We've been teaching this recipe at Life Kitchen since our very first class. Pancetta, Parmesan and peas bring that sought-after umami hit, while mint leaves and chilli wake up the senses. And, of course, tagliatelle offers comfort that is so inherent in every bowl of lovely pasta. If you don't eat meat, crab (another provider of umami) is a worthy substitute.
- 1 large onion, very roughly chopped
- 2 garlic cloves
- 1 red or green chilli, roughly chopped
- Vegetable or rapeseed oil
- 200g smoked bacon lardons
- 100g Parmesan, grated, plus extra to serve
- 2tsp salt, plus extra to season
- 4 eggs
- 400g dried tagliatelle
- A large handful of frozen peas
- A small handful of mint leaves, torn if large
- Freshly ground black pepper
Pulse the onion, garlic and chilli in a food processor to finely chop. (Or, finely chop by hand.)
Place a frying pan on a medium-low heat and add a glug of oil. When hot, add the chopped mixture and the lardons and season with salt. Cover with a lid (or use foil) and sweat on a low heat for 20-30 minutes, removing the lid to stir occasionally, until the onions have melted to a golden paste.
Meanwhile, beat together the grated Parmesan and the eggs in a bowl and season.
Bring a pan of water to the boil, add the two teaspoons of salt and cook the tagliatelle according to the packet instructions. Two minutes before the end of the cooking time, take two ladlefuls of the cooking water and stir it in to the Parmesan and egg mixture.
Then, add the frozen peas to the pan with the pasta. When the pasta is cooked, drain it with the peas and tip everything back into the pan.
Add the Parmesan and egg mixture and the onion and bacon mixture to the pasta and peas and stir – the sauce will take 2-3 minutes to heat through; just keep stirring and it will turn glossy and coat the pasta.

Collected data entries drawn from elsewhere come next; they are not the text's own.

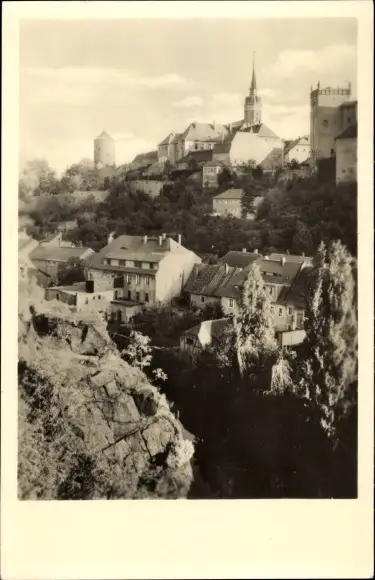 Ak Bautzen in der Oberlausitz, Teilansicht der Stadt, Felsformation, Turm, Kirche
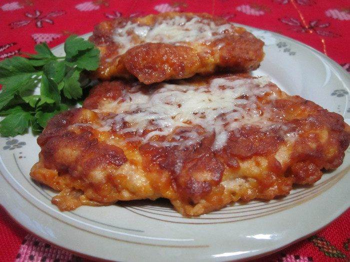Мясо панировать сначала в муке, затем в кляре. Жарить на разогретой с маслом сковороде. Сначала с одной стороны на среднем огне без крышки. Затем перевернуть, накрыть крышкой и жарить на маленьком огне до готовности. Готовые отбивные посыпать тёртым сыром (50 г) и подавать на стол.
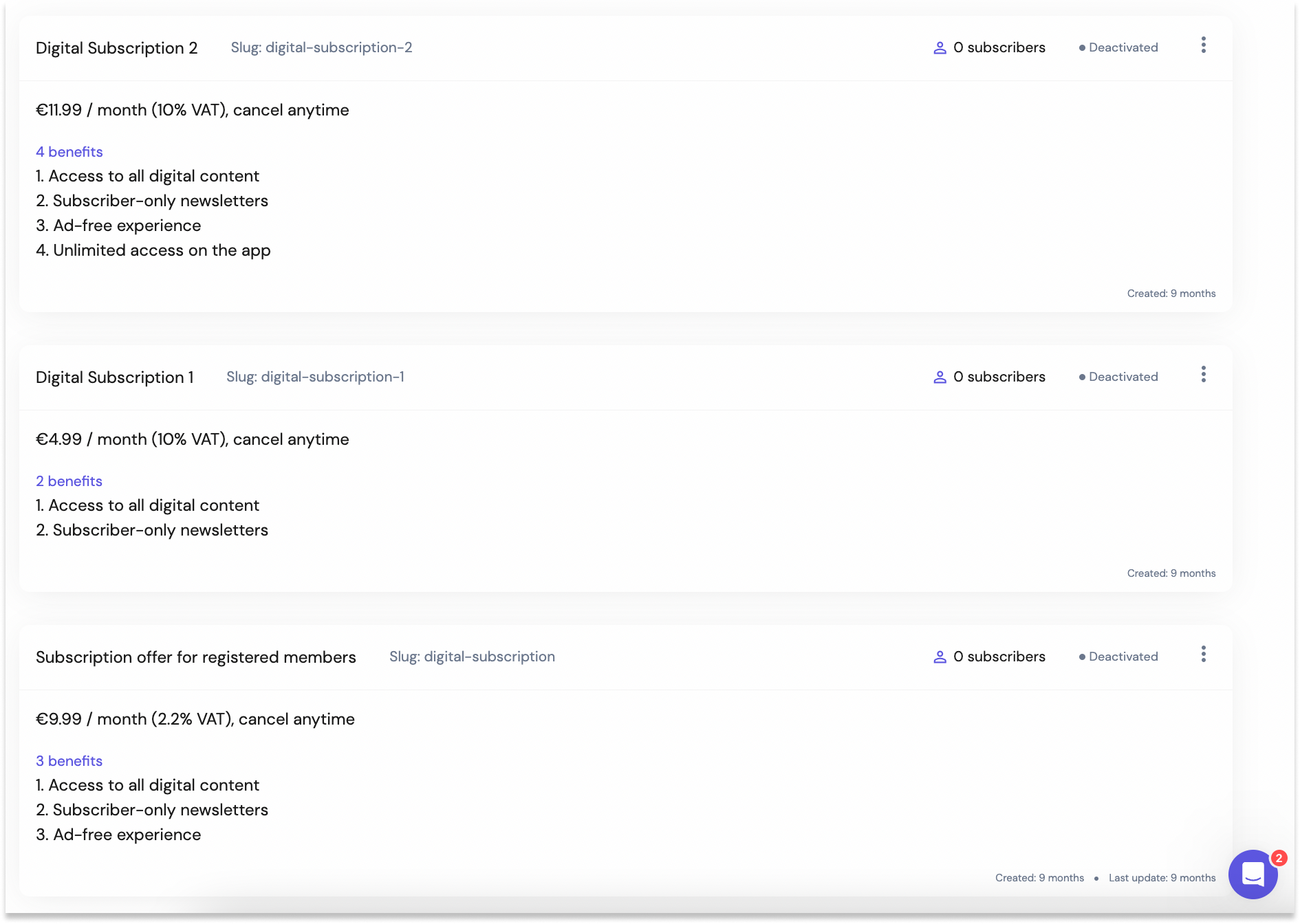 You can create different tiers of offers (Digital Subscription 1 & 2 here) and you can also create offers for a specific audience segment, with personalized benefits and adapted pricing. For instance, a Subscription offer for registered users.

Transfer to a serving dish and scatter over the mint leaves and extra Parmesan.
Taste and flavour fact
Carbonara is a classic pasta dish, involving several sources of umami and many different textures. The addition of cooling mint, a trigeminal stimulant, offers piquancy, making this version of carbonara especially good for those with a diminished sense of smell.